Today, the technology landscape has changed radically since 2003, and a blackout induced by a cyberattack has the potential to take out large sections of the national grid, and do so in a sophisticated, digital manner that could be very difficult to unravel and fix.

That our electric grid is highly vulnerable is not news. Every U.S. President since 1990 has acknowledged that U.S. infrastructure risks are high, that the threats are real, and each has pledged to promptly address the looming potential risks. Recent reports from the National Academy of Science have highlighted the issue, and the Massachusetts Institute of Technology found that in relation to the heightened risks now faced, “it is doubtful that the defense has improved at all. Attacks are still easy and cheap to launch and difficult and expensive to defend against.”

The issue is so widely-acknowledged that the Spy Museum in Washington, D.C., in the shadow of the U.S. Capitol, now has an exhibit titled “Weapons of Mass Disruption” that features “some of today's top experts on the new intelligence battlefield of cyberspace,” and allows visitors to “explore what would happen if a cyberattack hit the electrical grid.”

Many entities are working to make grid improvements. But therein lies a key part of the challenge — the myriad of entities, interests, and polices involved requires coordination at the national level. Such oversight is vital to ensuring that critical grid improvements are made in a timely manner, that the end result is a more sophisticated, resilient grid that can integrate a diverse array of electric generation sources without increasing vulnerabilities, and that consumers alone do not bear the full financial burden in their electric rates. Strengthening and protecting the grid is a national security matter, so federal funding must be part of the financial equation.

Improving the grid of the future also supports and ensures resilience in the other key infrastructure areas that we now know are being targeted by cyberattacks.

On the positive side, federal regulators have taken notice of the critical need to strengthen the grid against attacks, and FERC has proposed new cyber-security management controls aimed at enhancing grid resiliency. Importantly, FERC has the legal mandate and authority to take the lead on these critical issues.

As such, FERC is the logical agency to drive the establishment of a large-scale public-private partnership that brings together the necessary expertise — utilities, system operators and technology companies — and financing — Congress, regulators and the private markets — to focus on making the electric grid more robust and resilient in the near-term.

Developing that partnership, and creating a national grid enhancement program will require four components:

1. An independent and candid assessment of exactly where improvements and upgrades are needed, in order of priority, to be completed as soon as possible;

2. Development of a collective national plan, codified by Congress, with oversight from the relevant federal regulatory agencies, to drive short- and long-term improvements;

3. Regulatory reform, including development of improved, uniform practices for the North American bulk power system that rise to the level of detail and rigor required to meet the threats we face; and,

4. Identification of public and private funding mechanisms, including the potential use of tax-exempt government bonds, to raise the necessary financing in an equitable manner.

As a nation, we can no longer afford to put off until tomorrow that which our own self-interest says must begin today.
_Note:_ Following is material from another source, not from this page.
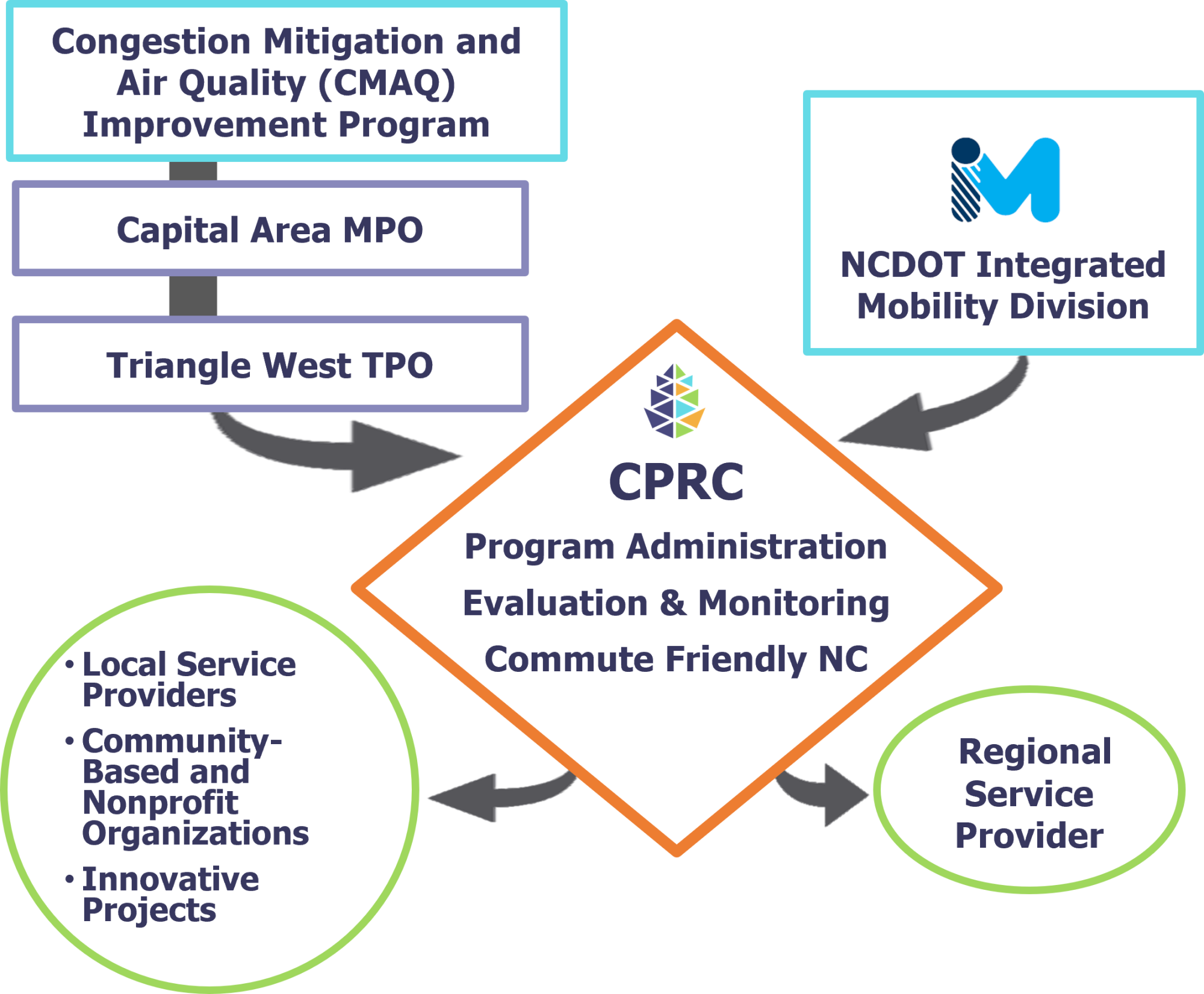 The Triangle Transportation Choices program collaborates with and receives funding from 3 different organizations. Two of the program’s funders are regional Metropolitan Planning Organizations (MPOs). These are the Capital Area Metropolitan Planning Organization (CAMPO) and the Triangle West Transportation Planning Organization (TWTPO). The third funder of the program is the North Carolina Department of Transportation- Integrated Mobility Division (NCDOT-IMD). The graphic on right hand side illustrates the funding and administrative structure of the program. A representative from each of these three funding organizations serves as a voting member in the program’s Oversight Committee (OC).
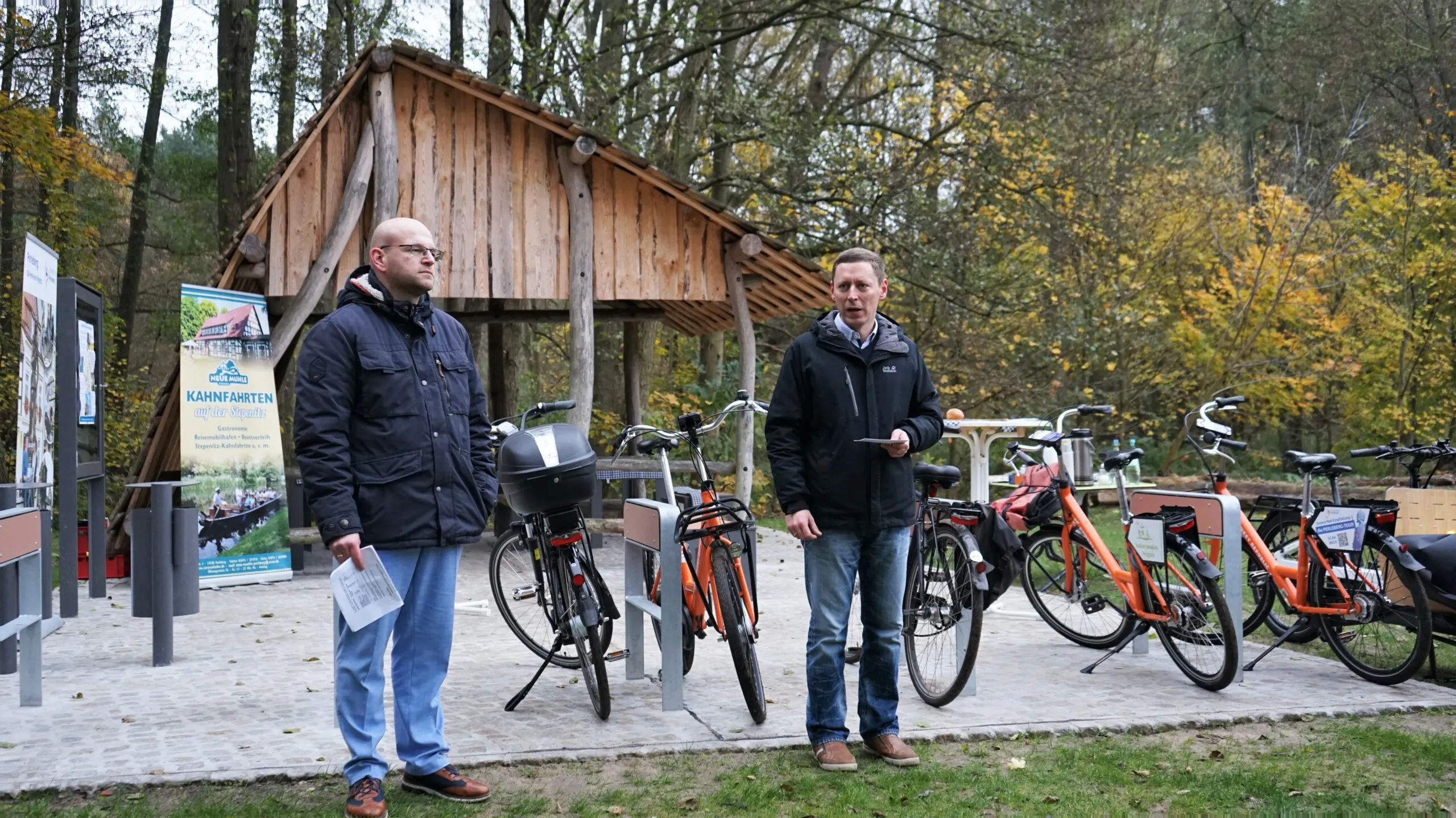 Landrat Christian Müller und Bürgermeister Axel Schmidt nehmen im November 2022 einen Fahrradrastplatz in Betrieb (Foto: Torsten Wolter, AGFK BB)

The threats are increasing every day and the consequences of inaction are both devastating and unnecessary.

With regard to enhancing the grid, as the saying goes, failure is not an option.

Paul Feldman is a former Chairman of the Midcontinent ISO (MISO), and a former Independent Board member of the Western Electricity Coordinating Council (WECC). He serves on several energy-related Boards, and Advisory Boards, including Protect Our Power, a not-for-profit organization whose mission is to strengthen the reliability and resilience of the U.S. electric grid.